Гордеев поднатужился, но вспомнить ничего такого не смог. Он протестующе поднял руку: мол, я и не имел в виду ничего плохого, просто…
Но она уже не давала и слова вставить.
— А у Реваза, между прочим, Шекспир — любимый драматург! Ему «Макбет» уже много лет снится, он просыпается и все записывает! А Чехов просто в нашем городе когда-то останавливался, у нас тут где-то доска об этом висит, и у Реваза теперь просто выхода нет!

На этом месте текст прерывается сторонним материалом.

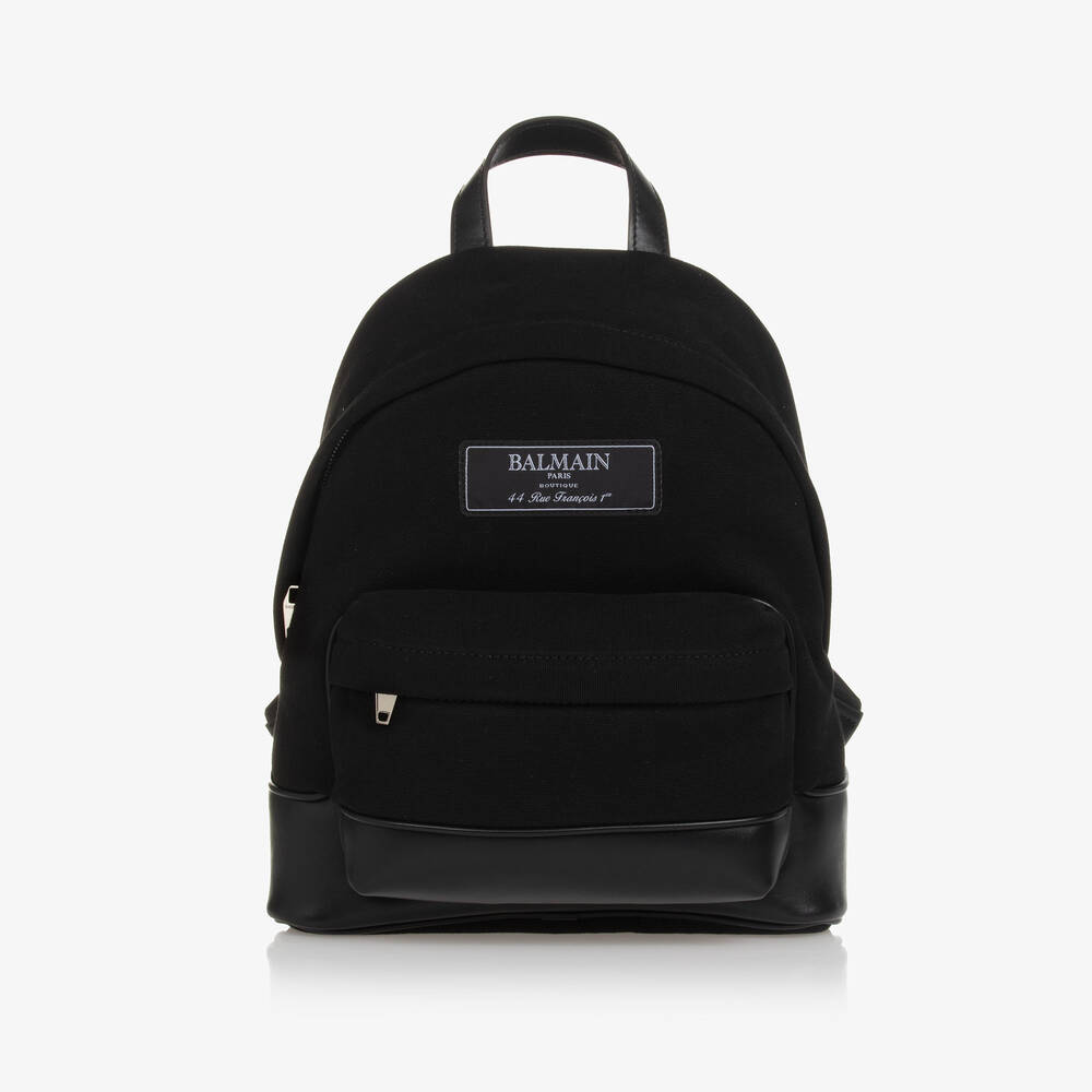 A black backpack for boys and girls by luxury brand Balmain, great for school and stylish as a casual accessory. Made from durable cotton canvas with a twill lining, the spacious main compartment has a useful internal pocket and a handy pouch pocket on the front, all fastening with practical zips. Trimmed with leather details and stitched with a Balmain Paris logo patch, it has a top handle for hanging on a hook and lightly padded adjustable straps for comfortable wear.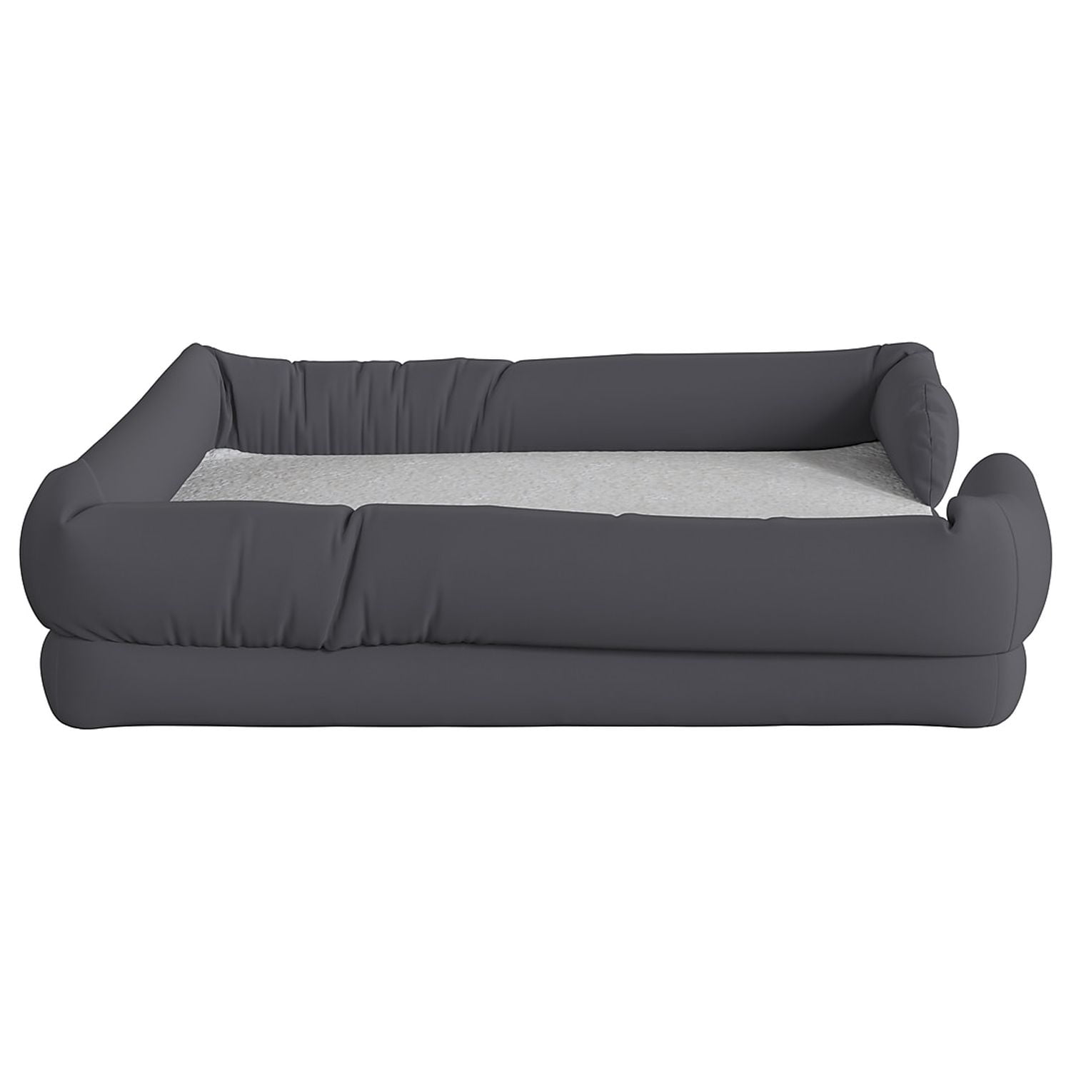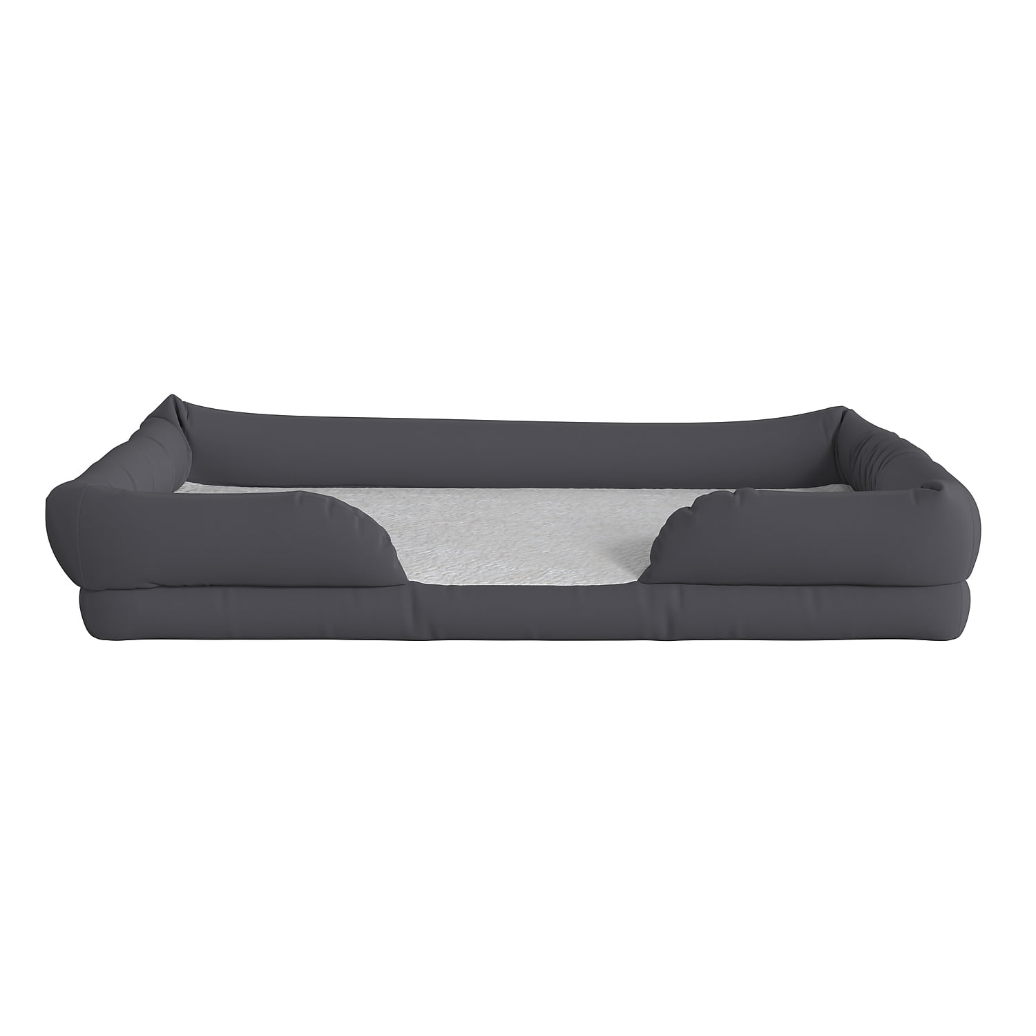 44″ x 34″ Comfy Orthopedic Memory Foam Dog Bed for Small Breeds up to 44 Pounds Gray Polyester Bolster Style Sides and Back provide comfort and safety White Olefin Interior Sleep Surface is soft and comfortable Memory Foam Upper Layer provides cushioned softness Foam Bottom Layer prevents contact with hard flooring surfaces Non-Slip Bottom keeps bed in place during entry and exit Machine Washable in Cold Water; Tumble Dry Low Heat to maintain cleanliness Cushioned lounge bed ideal for medium dogs, cats, rabbits and other pets PRODUCT MEASUREMENTS: Overall Size: 44″W x 34″D x 3-7″H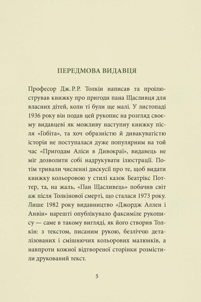 Знаете ли вы, что Джон Р. Р. Толкин, всемирно известный автор эпического фэнтези, писал также очаровательные истории для самых маленьких читателей? Книга «Мистер Блисс» (в украинском переводе «Пан Щасливець») — это уникальное издание, объединяющее текст и иллюстрации, созданные самим писателем. Впервые опубликованная только в 1982 году, через девять лет после смерти автора, эта повесть теперь доступна и на украинском языке благодаря переводу Катерины Михальчишиной и издательству «Астролябия». Это настоящий подарок для коллекционеров и всех, кто хочет познакомить детей с мягким юмором и неповторимым миром Толкина.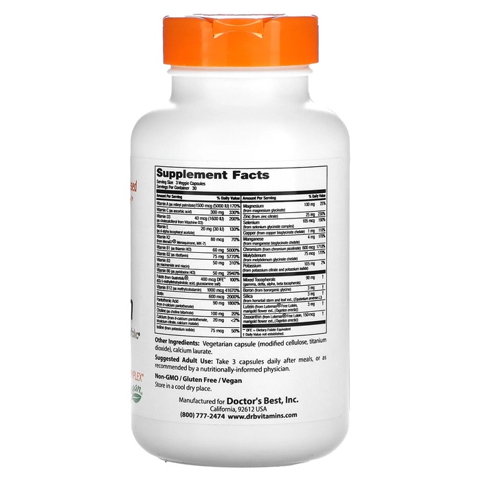 Мультивитаминный комплекс от Doctor's Best обеспечивает не содержащий железа полный спектр витаминов и микроэлементов, необходимых для здоровья человека. Национальное обследование здоровья и питания (NHANES, 1996–2016) показало, что почти у всех нас в рационе не хватает одного или нескольких из этих питательных веществ. Мультивитаминный комплекс Doctor's Best создан для обеспечения оптимальной питательной ценности.

Хотя он говорит, что писатель Чехов потрясающий, а драматург — никакой! И все равно спектакль будет гениальный! А ты в театре ничего не понимаешь! Я всегда это подозревала! А он — талантище, он вообще интеллектуал и эрудит, а ты… а он…
Битва двух профессиональных ораторов была безнадежно проиграна московским, впрочем, — он не сильно-то и переживал. Улыбаясь, Гордеев притянул женщину к себе, и слегка захмелевшая Валя постепенно смолкла.
2
Гордеев открыл глаза и не сразу понял, где находится. Ага. Потолок высок, но незнаком, за окном ненормально голубое небо и, кажется… лес чернеет… Елки зеленые! Причем в буквальном смысле? Что это?! Тьфу ты, ну конечно, Азия, Сибирь, Белоярск, Валентина! Он поглазел в обе стороны: Вали в комнате не было. Не без труда нашел свои часы: оказалось, что уже больше двух часов дня. Ну и дела! Он не помнил, когда с ним последний раз случались такие приступы тунеядства. Впрочем, все можно списать на разницу во времени, допустим, она его все-таки скосила. Гордеев поднялся и пошел искать душ. Вроде бы хозяйка ему что-то такое говорила, где он находится, ведь вчера они туда так и не попали…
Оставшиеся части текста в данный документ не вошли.